# REW V4.10 and V4.11 Release



## JohnM (Apr 11, 2006)

V4.11 of Room EQ Wizard is now available for download from the Downloads Page

*What's New in V4.10 / V4.11*

*Spectrum and RTA Displays*

The Spectrum graph page offers a spectrum analyser plot with resolution of up to 0.3Hz or Real time Analyser (RTA) plots with resolutions up to 1/48th octave. It calculates THD and THD+N distortion figures and shows the relative levels of the 2nd to 9th harmonics of test tones. It allows high resolution measurement of system responses without having to connect to the system being measured by either playing a pink noise signal through the system or, for much more precise low frequency measurements without the very long averaging required for pink noise, playing the new pink periodic noise signals from REW's own signal generator saved as WAV files. More details...

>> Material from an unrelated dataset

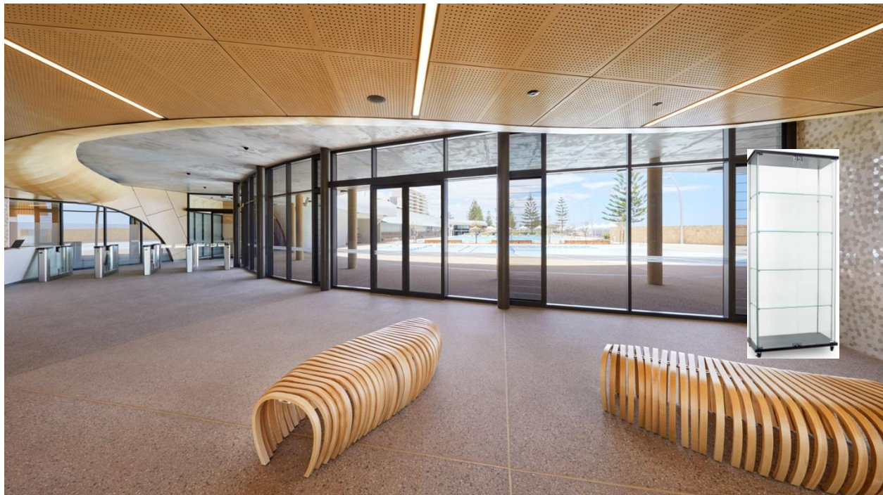
Entrance and Foyer- trophy cabinet display with sponsor’s details on display.

*Reverberation Time Displays*

The RT60 graph page shows reverberation times in octave or one-third octave bands calculated in accordance with ISO 3382. Related plots for the current measurement, including the Schroeder curve used to derive the RT60 figures and the linear fits for the various RT60 parameters, can be viewed on the Impulse graph page. The Impulse page also allows an octave or one-third octave band filter to be applied to the current measurement and the associated frequency responses. More details...










*Extended Range for Waterfall and Spectral Decay*

The waterfall and Spectral Decay plots now span the full range of the measurement. The waterfall controls have also been revised and extended and offer further control over the plot. More details...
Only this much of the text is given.